Первый из указанных выше механизмов уголовно-правовой охраны получил распространение в странах англо-саксонской системы права (США, Великобритания, Канада).

Объявление:

Так, согласно ч. 1 ст. 223 УК Канады, человек считается родившимся после полного отделения от тела матери в случае, если он отвечает признакам живорожденности. Вместе с тем, в соответствии с ч. 2 ст. 223 указанного закона, лицо совершает убийство и в том случае, если во время беременности женщины или во время родов причиняет плоду такой вред, который приводит к его гибели.

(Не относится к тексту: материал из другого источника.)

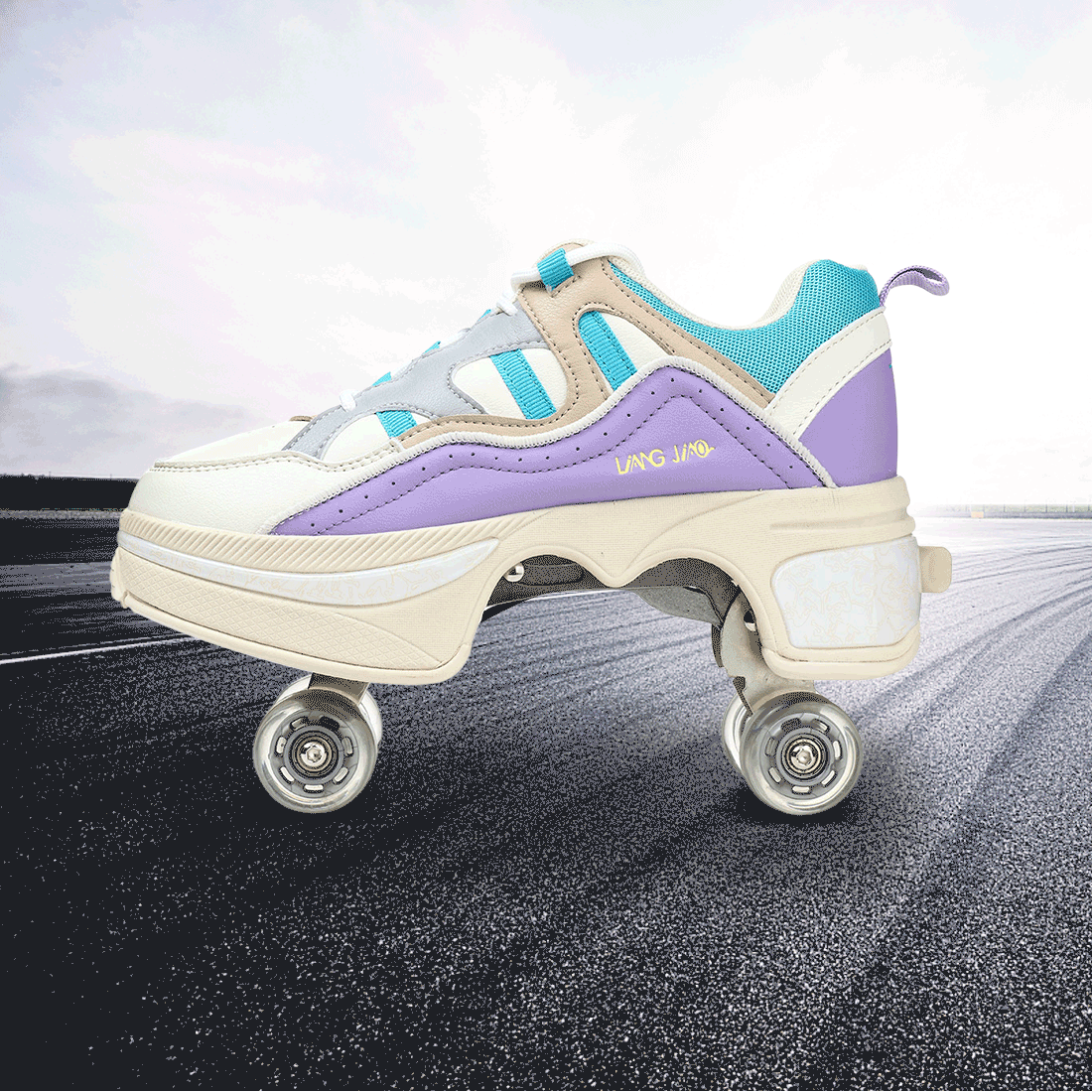 Sale!!! Big Size 40 41 Deformation Roller Skates Shoes Double Row 4-Wheel Skates Roller Shoes Dual-Purpose Roller Sneakers Shoes

Как было указано Апелляционным судом Великобритании в обзоре судебной практики по делам об убийстве 1994 г., лицо, «нанесшее повреждения беременной женщине, в результате которых изначально жизнеспособный эмбрион рождается живым, но затем погибает», может быть признано виновным в убийстве. Впоследствии данное суждение, по свидетельству А. В. Гололобовой, было подтверждено палатой лордов.

При этом следует отметить, что человеческий плод до его рождения в рамках описанного механизма может рассматриваться в качестве потерпевшего от убийства:

только при условии достижения эмбрионом жизнеспособности (УК штата Иллинойс, Нью-Йорк, УК Канады, уголовное право Великобритании);
вне зависимости от стадии своего развития и, соответственно, жизнеспособности (УК штата Юта, Миннесота, Небраска, Аризона).

Что касается стран континентальной системы права и, в том числе, России, то законодательно данный механизм пока не получил законодательного оформления. Вместе с тем, в последнее десятилетие в РФ отчетливо прослеживается тенденция, связанная с признанием возможности самостоятельной охраны человеческой жизни до момента рождения.

Если касаться вопроса о предпосылках пересмотра того момента, с которого начинается самостоятельная охрана жизни человека средствами уголовного права, то, на наш взгляд, таких предпосылок, по меньшей мере, две:

развитие медицины и судебной медицины;
глобализация и интернационализация уголовного законодательства.

На страницах юридической литературы в последнее время все чаще высказываются суждения о необходимости пересмотреть момент начала уголовно-правовой охраны человеческой жизни2. В частности, Р. Шарапов, придя к выводу о том, что «юридически жизнь человека есть жизнь его мозга», предлагает считать убийством умышленное умерщвление плода в возрасте свыше 22 недель при отсутствии предусмотренных законодательством медицинских показаний2, поскольку к этому времени заканчивается процесс формирования клеток головного мозга эмбриона. Аналогичной позиции придерживается и А. Н. Попов, полагая, что к этому возрасту в соответствии с медицинскими данными ребенок готов к жизни вне утробы матери. При этом он справедливо отмечает, что в соответствии с нормативными актами в области здравоохранения, прерывание беременности при сроке свыше 22 недель называют преждевременными родами, а прерывание беременности до этого срока считается абортом.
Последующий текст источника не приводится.